Sanktionen sind schädliche Symbolpolitik

Nicht so schnell. Als außenpolitische Allzweckwaffe erschöpfen sich die möglichen Zielsetzungen von Sanktionen nicht darin, den Empfänger von unerwünschtem Verhalten abzuschrecken oder gewünschtes Verhalten zu befördern. In der Tat bleiben die gewünschten Verhaltensänderungen häufig aus. Das heißt aber nicht, dass Sanktionen unwirksam, sinnlos oder gar schädlich sind. Eine solche Sicht vernachlässigt all jene Zwecke von Sanktionen, die nicht auf eine Verhaltensänderung ihrer Empfänger zielen, sondern darauf, das Selbstbild der Sender aufrechtzuerhalten.

So lässt sich mit der Ankündigung, Sanktionen zu verhängen, öffentlichkeitswirksam der Eindruck von Geschlossenheit und Einigkeit vermitteln. Das zeigt sich regelmäßig in den Ankündigungen neuer Sanktionsbeschlüsse durch die Europäische Union oder die Vereinten Nationen, die in mehr oder weniger stark verwässerter Form zuweilen nur den kleinsten gemeinsamen Nenner widerstreitender Interessen markieren.

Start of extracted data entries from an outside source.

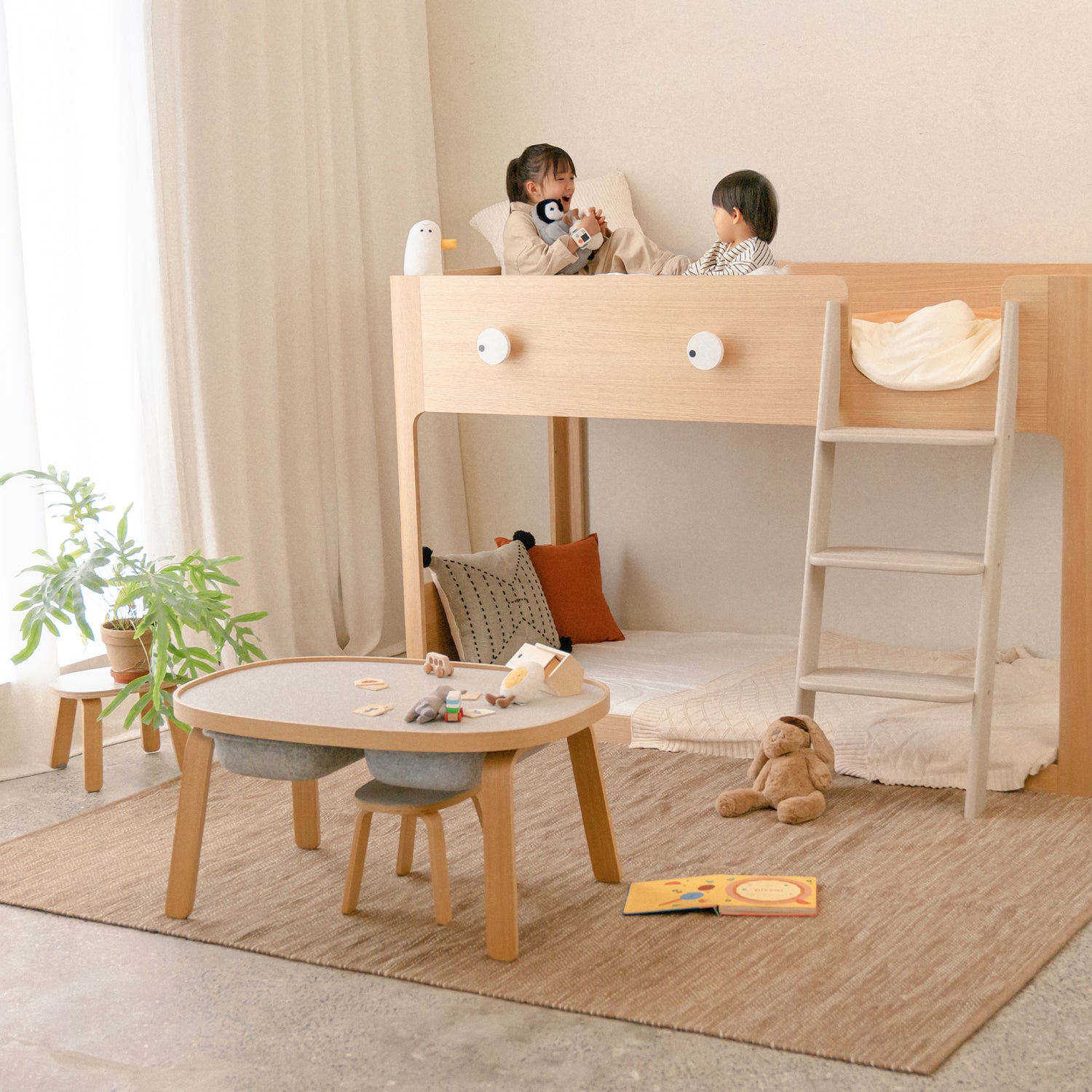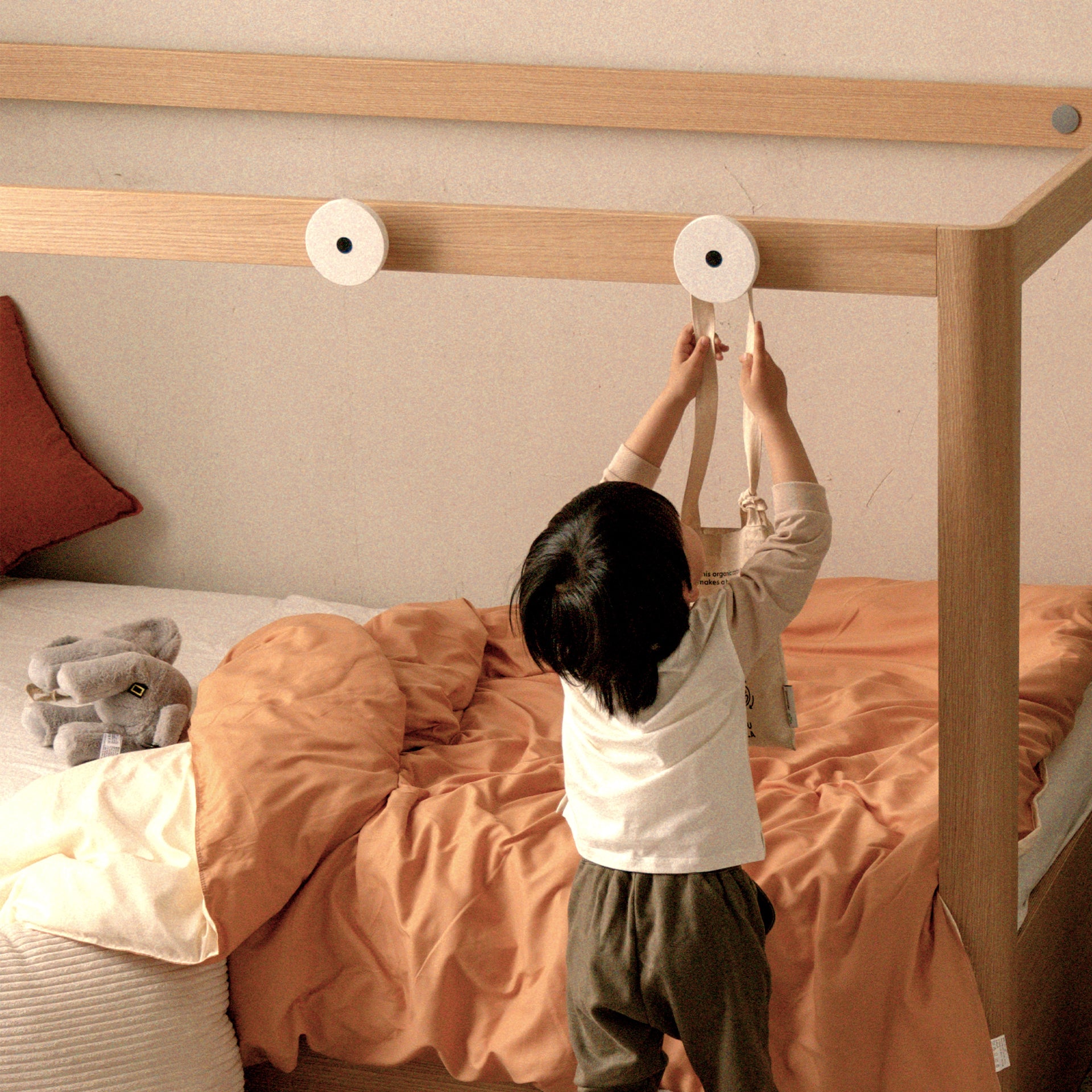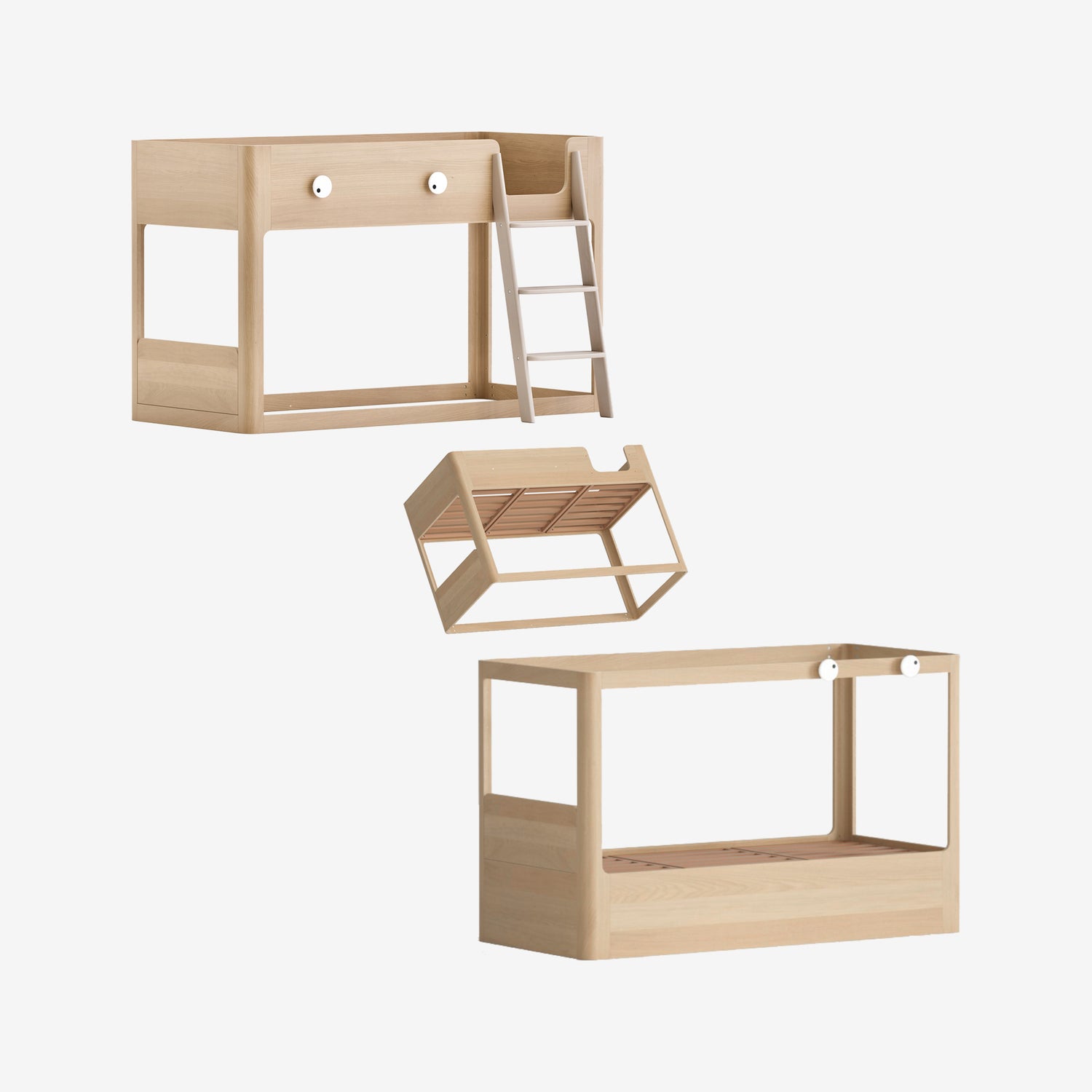 We built in details that simplify your life. The bedposts have a curved and rounded arc to prevent bumps. The ladder is safe, quiet, and its wide pedals have anti-slip grooves. Even better, the removable ladder doubles as a handy wall shelf to save space.
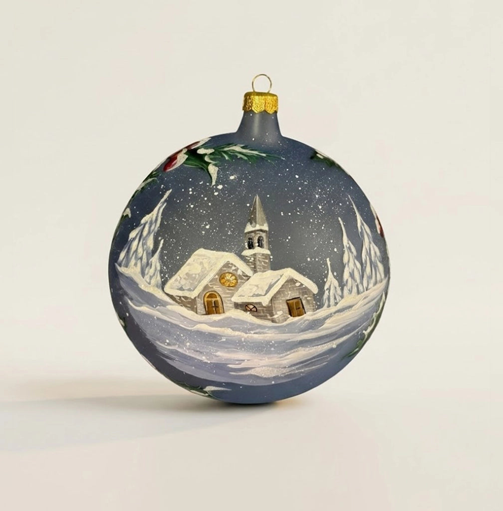 Questa sfera da Ø 150 mm è realizzata in vetro borosilicato soffiato a bocca e decorata interamente a mano nel nostro laboratorio di Bellagio. La superficie opaca, nelle sfumature del grigio-blu, fa da base a una scena invernale classica e luminosa, resa con la precisione e la morbidezza del tratto artigianale.
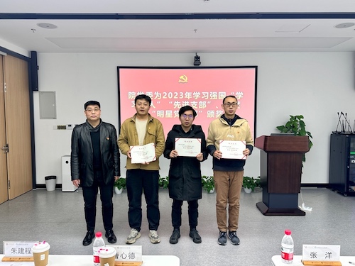 朱建程、曹心德分别为日本女优 2023年度学习强国“学习达人”“先进支部”、年度“明星党支部”代表颁发荣誉证书。
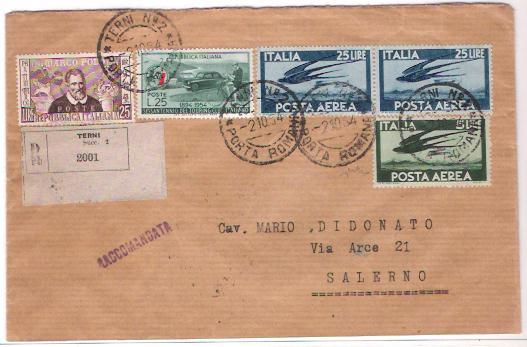 Lettera Raccomandata da Terni per Salerno, affrancata con valori gemelli 25 lire Marco Polo, 25 lire touring, coppia 25 lre posta aerea, 5 lire posta aerea verde
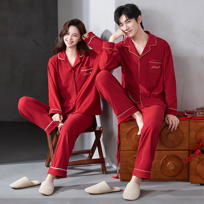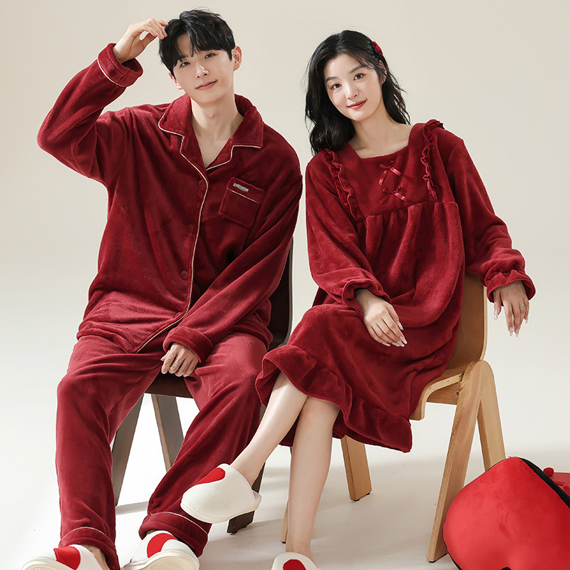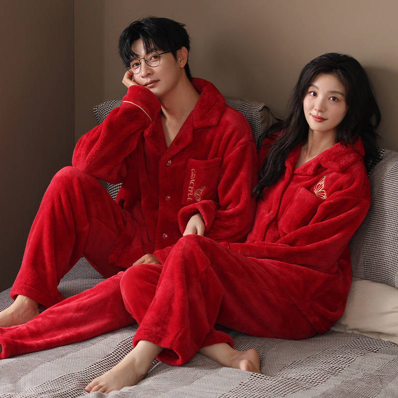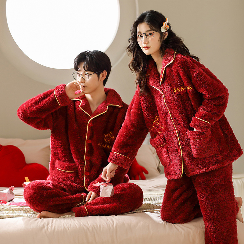 結婚パジャマカップル秋冬徳絨毯蓄熱保温パジャマ大紅新作新婚祝いホームウェアセット
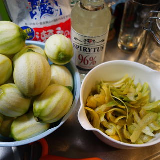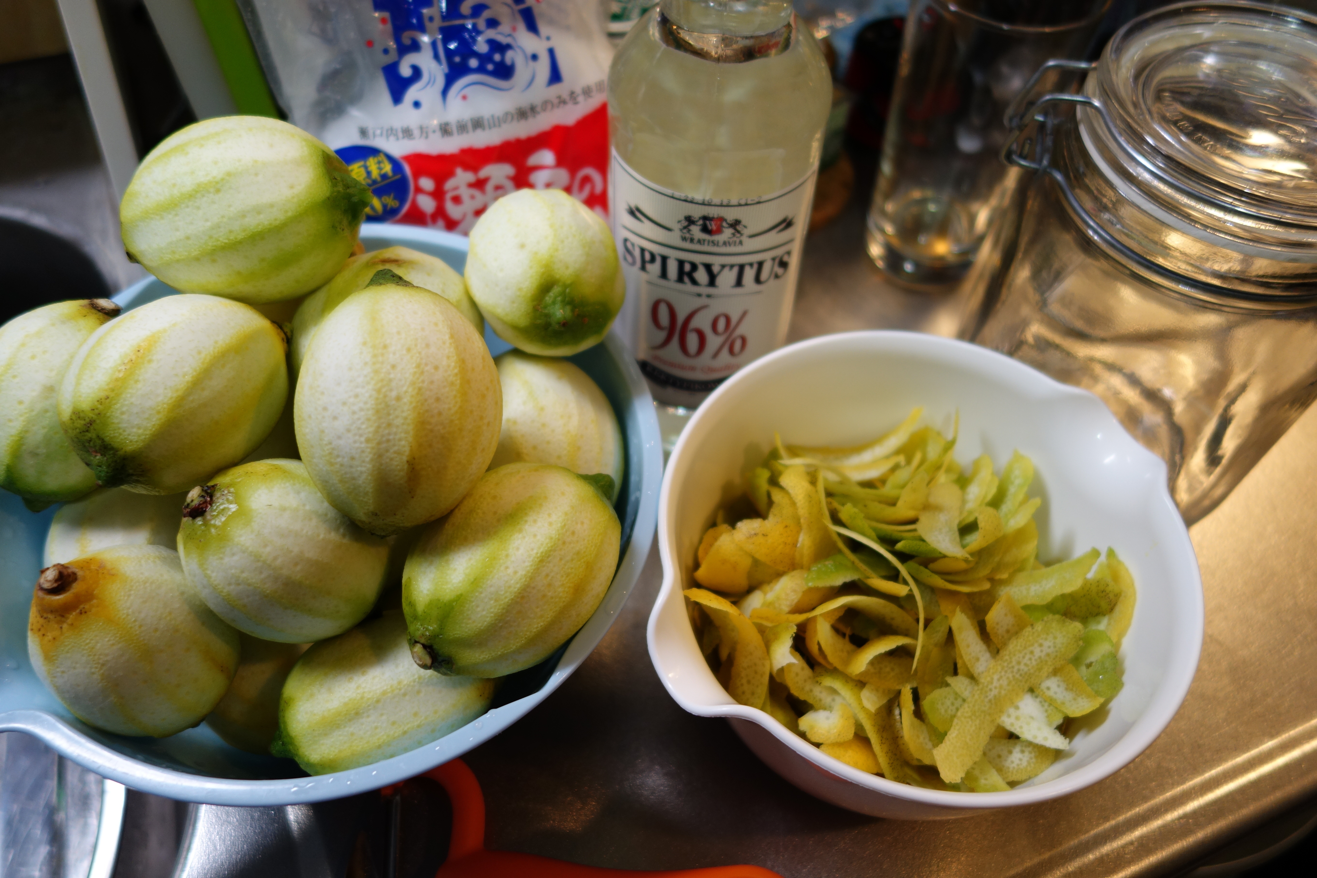 リモンチェッロと塩レモン 例年無農薬のレモンをいただくので、これも例年通りリモンチェッロの準備。レモンの皮をたっぷりむいて96度のウオッカ、スピリタスに漬けます。残りの実の部分は今年も塩レモンにしてみようかと。
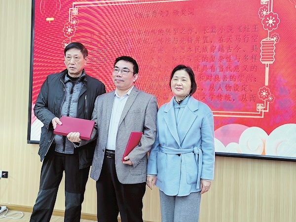 武汉市文联党组成员、副主席董芳(右一)与天津市作协副主席肖克凡(左一),共同为长篇小说《灶王传奇》作者李浩颁奖 通讯员供图
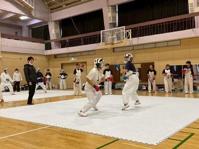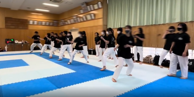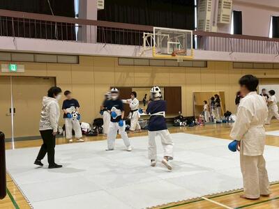 本校にお迎えし、形と組手の練習、最後には試合形式のメニューに取り組みました。中学生の皆さんのエネルギッシュな姿勢に、私たちも大きな刺激を受けました。来校いただきありがとうございました!
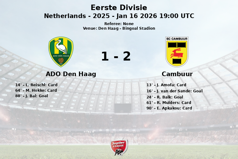 El Cambuur abrió el marcador temprano con un gol de J. van der Sande en el minuto 16, asistido por M. Diemers. Poco después, en el minuto 24, R. Balk amplió la ventaja para el Cambuur con una asistencia de J. van der Sande. El ADO Den Haag mostró una mayor agresividad en el juego, lo que se reflejó en las tarjetas amarillas recibidas por L. Reischl y M. Hokke, mientras que el Cambuur también vio tarjetas amarillas para J. Amofa, R. Mulders y E. Apkakou.
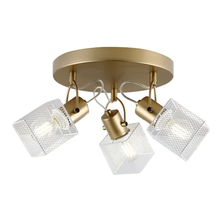 3Lt Spot Light Round, Material:Metal+Glass, Bulb:3x E14 Max.40W, Product Size:L230*W230*H140mm, Colour:sandy gold + matt white, Packing:white box+colour label
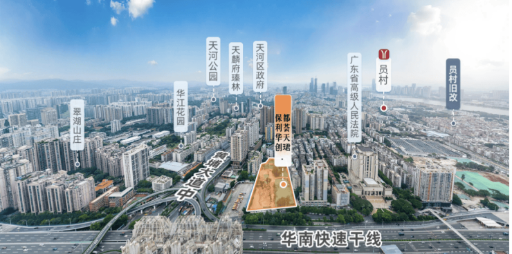 项目位于天河区员村一横路东侧、黄埔大道中,处于珠城与金融城两大CBD的交汇核心区域,享受城市繁华与便利交通的叠加红利。地块周边有珠江公园、天河公园等自然景观,同时毗邻凯旋新世界及汇月台等高端住宅,区域价值与居住品质兼具。

Darüber hinaus scheint der Einsatz von Sanktionen dann geboten, wenn es darum geht, weitaus unattraktivere Alternativen zu vermeiden. Wenn es um schwerwiegende Normbrüche oder menschliches Leid geht, könnte eine ausbleibende Reaktion schnell als Einverständnis mit den Tätern und als Verrat an den Opfern interpretiert werden. Durch die Verhängung von Sanktionen lässt sich der immense Handlungsdruck abbauen, der auf außenpolitischen Entscheidungsträgern in Krisensituationen lastet. Ist ein Militär­einsatz ausgeschlossen, können mithilfe von Sanktionen wirksam Handlungsfähigkeit demonstriert und eine unfreiwillige Komplizenschaft vermieden werden. Durch die Erzeugung hoher wirtschaftlicher Kosten lässt sich ein regelwidriges Verhalten wenn nicht verändern, so doch fortlaufend bestrafen. Die in Kauf genommenen eigenen Kosten signalisieren zudem eine deutliche Distanzierung und dienen als Preisschild für die eigenen Werte.

Sascha Lohmann ist Stipendiat in der Forschungsgruppe Amerika der Stiftung Wissenschaft und Politik (SWP) in Berlin.